Part of this decline comes from gradual muscle loss. Muscle tissue burns about 4.5 to 7 calories per pound per day at rest, which doesn’t sound like much until you consider that losing five or ten pounds of muscle over the decades meaningfully lowers your daily burn. This is one reason strength training becomes increasingly valuable as you age: maintaining muscle helps keep your metabolism from sliding as fast as it otherwise would.
How Body Composition Changes the Math
Two women who are both 5’6″ and 140 pounds can have noticeably different calorie needs depending on how much of that weight is muscle versus fat. Muscle tissue is metabolically active, burning roughly 5 to 7 calories per pound per day at rest. Fat tissue burns closer to 1 to 2 calories per pound per day. So a woman with more lean mass will have a higher resting metabolism than someone at the same height and weight who carries more body fat.

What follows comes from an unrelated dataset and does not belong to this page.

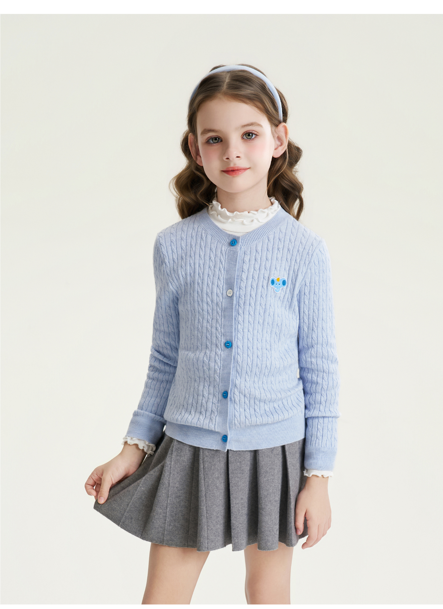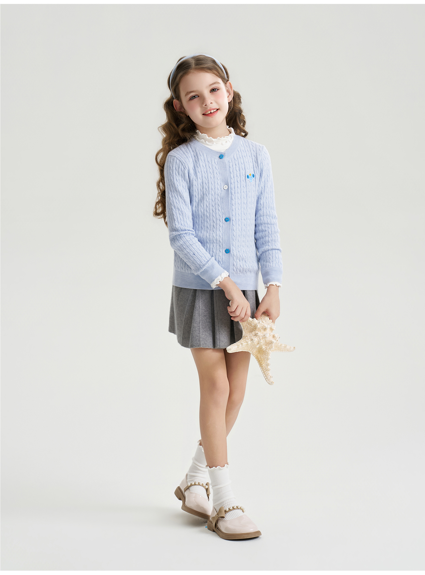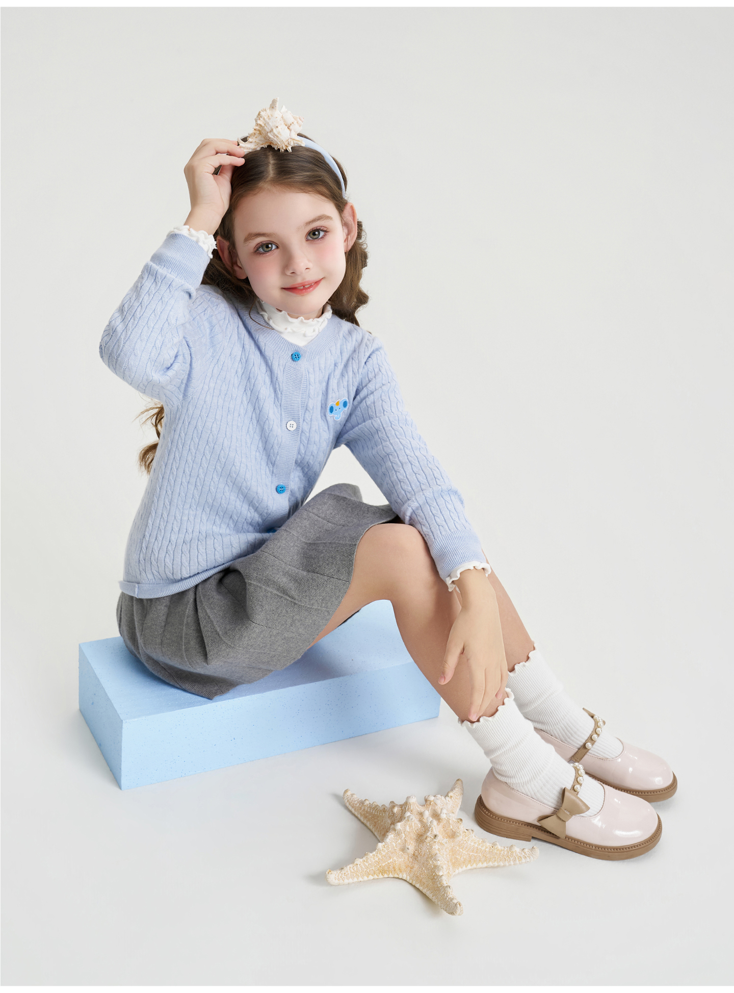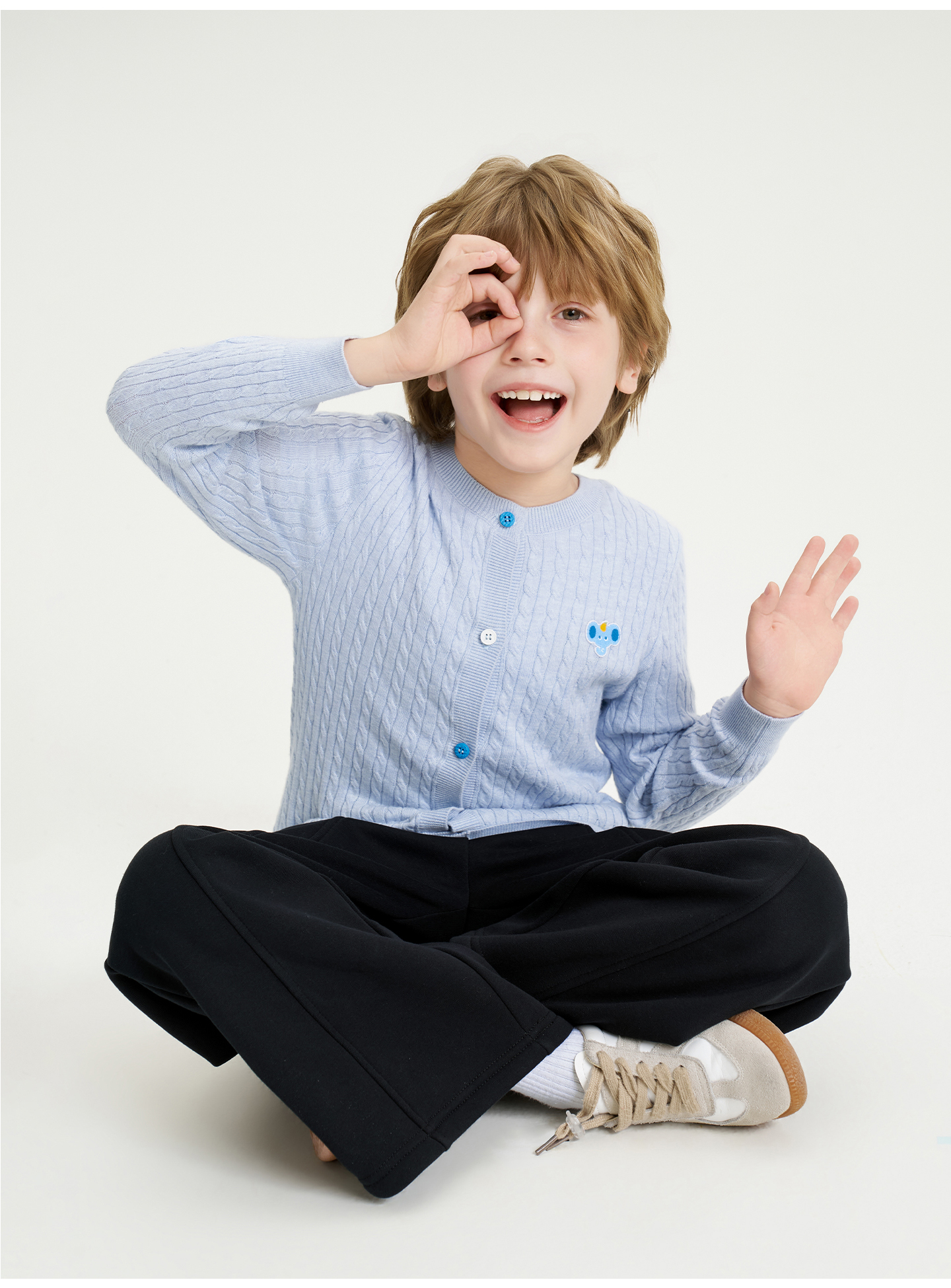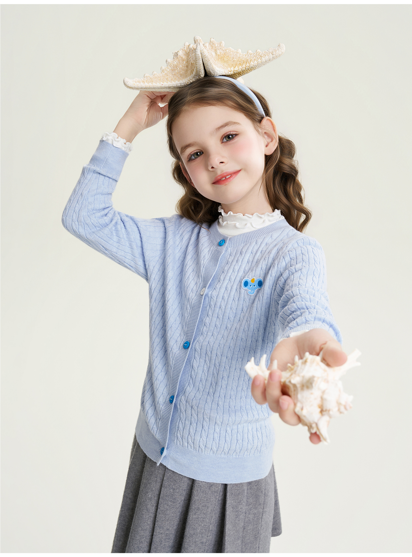 mettekids儿童针织衫2026春新款女童洋气绞花桑蚕丝男童毛衣开衫

Your internal organs actually drive the biggest portion of your resting calorie burn. The brain, liver, heart, and kidneys have metabolic rates 15 to 40 times greater than an equivalent weight of muscle. You can’t change the size of your organs, but this helps explain why the formula above is only an estimate. Individual variation in organ size and efficiency means two people with identical stats on paper can differ by 100 to 200 calories per day in actual metabolic rate.
Calories for Weight Loss
If your goal is to lose weight, the general guideline is to reduce your daily intake by about 500 calories below your maintenance level. This typically produces a loss of about half a pound to one pound per week. For a moderately active 35-year-old woman at 5’6″, that would mean eating around 1,600 calories per day instead of 2,100.
Dropping below 1,200 calories per day is generally not recommended without medical supervision. Very low intakes make it difficult to get adequate nutrition, and your body tends to respond by slowing its metabolism further, which makes sustained weight loss harder over time. A moderate deficit that you can maintain for months will almost always outperform an aggressive one that lasts a few weeks.

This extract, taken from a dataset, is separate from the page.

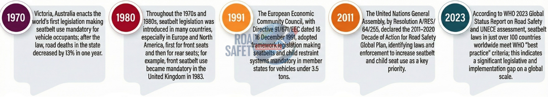 WHO 2023 – World Health Organization, road safety materials regarding the effectiveness of seats and seatbelts.
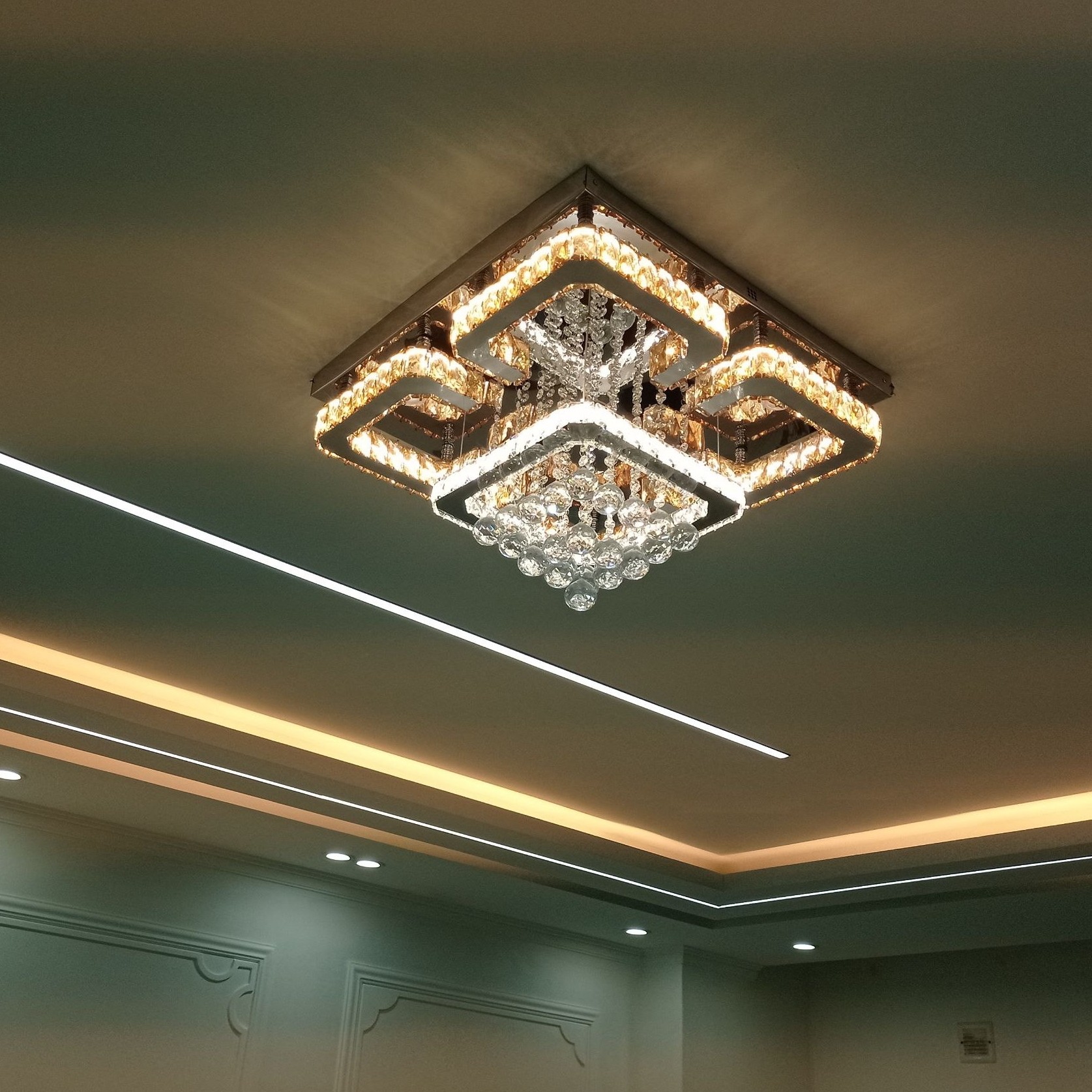 لوستر سقفی مدرن تمام استیل دارای چهار حالت نوردهی قابلیت اتصال به گوشی

Your actual rate of loss will vary depending on your starting weight, activity level, and how consistently you maintain the deficit. People with more weight to lose often see faster initial results, partly because their higher body weight means a larger calorie burn to begin with.
Calories During Pregnancy and Breastfeeding
Calorie needs shift significantly during pregnancy, but not right away. During the first trimester, your energy requirements are essentially the same as before pregnancy. The increase kicks in during the second trimester, when you need about 340 additional calories per day, and rises to roughly 450 extra calories per day in the third trimester.

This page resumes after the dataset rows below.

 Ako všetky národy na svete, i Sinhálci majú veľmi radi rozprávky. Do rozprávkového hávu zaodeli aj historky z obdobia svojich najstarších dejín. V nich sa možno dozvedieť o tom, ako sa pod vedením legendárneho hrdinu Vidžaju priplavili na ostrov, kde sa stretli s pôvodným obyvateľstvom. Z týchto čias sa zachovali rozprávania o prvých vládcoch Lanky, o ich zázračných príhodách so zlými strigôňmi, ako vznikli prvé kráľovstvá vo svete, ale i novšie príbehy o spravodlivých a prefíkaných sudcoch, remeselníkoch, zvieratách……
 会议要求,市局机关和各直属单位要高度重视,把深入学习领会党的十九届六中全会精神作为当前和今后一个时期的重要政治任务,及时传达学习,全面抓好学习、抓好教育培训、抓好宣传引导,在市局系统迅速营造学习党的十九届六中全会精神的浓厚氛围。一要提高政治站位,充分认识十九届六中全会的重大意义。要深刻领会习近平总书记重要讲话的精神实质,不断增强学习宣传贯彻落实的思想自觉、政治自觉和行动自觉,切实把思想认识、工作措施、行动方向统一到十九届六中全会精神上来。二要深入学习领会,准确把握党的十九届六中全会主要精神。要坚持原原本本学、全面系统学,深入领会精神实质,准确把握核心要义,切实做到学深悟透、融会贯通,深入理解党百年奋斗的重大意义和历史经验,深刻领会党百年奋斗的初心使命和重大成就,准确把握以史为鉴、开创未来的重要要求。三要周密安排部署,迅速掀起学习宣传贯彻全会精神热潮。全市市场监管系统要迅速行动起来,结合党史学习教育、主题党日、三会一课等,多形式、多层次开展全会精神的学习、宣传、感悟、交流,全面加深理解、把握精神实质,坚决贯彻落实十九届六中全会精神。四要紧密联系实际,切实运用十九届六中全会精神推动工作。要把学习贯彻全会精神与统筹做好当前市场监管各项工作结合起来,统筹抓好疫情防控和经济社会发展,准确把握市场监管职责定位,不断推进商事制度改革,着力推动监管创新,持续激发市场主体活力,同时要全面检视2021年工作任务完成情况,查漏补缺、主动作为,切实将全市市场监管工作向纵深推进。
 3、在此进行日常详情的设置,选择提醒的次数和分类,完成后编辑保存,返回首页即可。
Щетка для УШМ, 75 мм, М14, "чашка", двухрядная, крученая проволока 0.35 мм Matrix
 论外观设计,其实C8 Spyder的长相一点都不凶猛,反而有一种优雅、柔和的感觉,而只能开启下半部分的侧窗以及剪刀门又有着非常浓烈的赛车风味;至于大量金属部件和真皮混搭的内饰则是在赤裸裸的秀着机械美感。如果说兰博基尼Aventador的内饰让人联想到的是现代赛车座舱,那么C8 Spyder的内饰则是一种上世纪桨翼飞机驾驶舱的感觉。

Breastfeeding requires even more energy than late pregnancy. Women who are nursing need approximately 500 additional calories per day beyond their normal non-pregnant intake. For a moderately active 5’6″ woman, that could mean eating around 2,500 to 2,600 calories per day while breastfeeding. These numbers help explain why many women feel noticeably hungrier during nursing than they did while pregnant.
Finding Your Personal Number
The estimates above give you a solid starting range, but your real maintenance calories may be somewhat higher or lower. The most practical way to find your actual number is to track your food intake and weight for two to three weeks without deliberately changing your habits. If your weight stays stable, you’re eating at or near your maintenance level. If it trends up or down, adjust by 100 to 200 calories and observe again.
Activity trackers and fitness watches can help refine your estimate, but they tend to overestimate calorie burn from exercise by 15 to 30 percent. Use them as a rough guide rather than a precise measurement. The scale, combined with how your clothes fit and how your energy feels over a period of weeks, gives you more reliable feedback than any single calculation.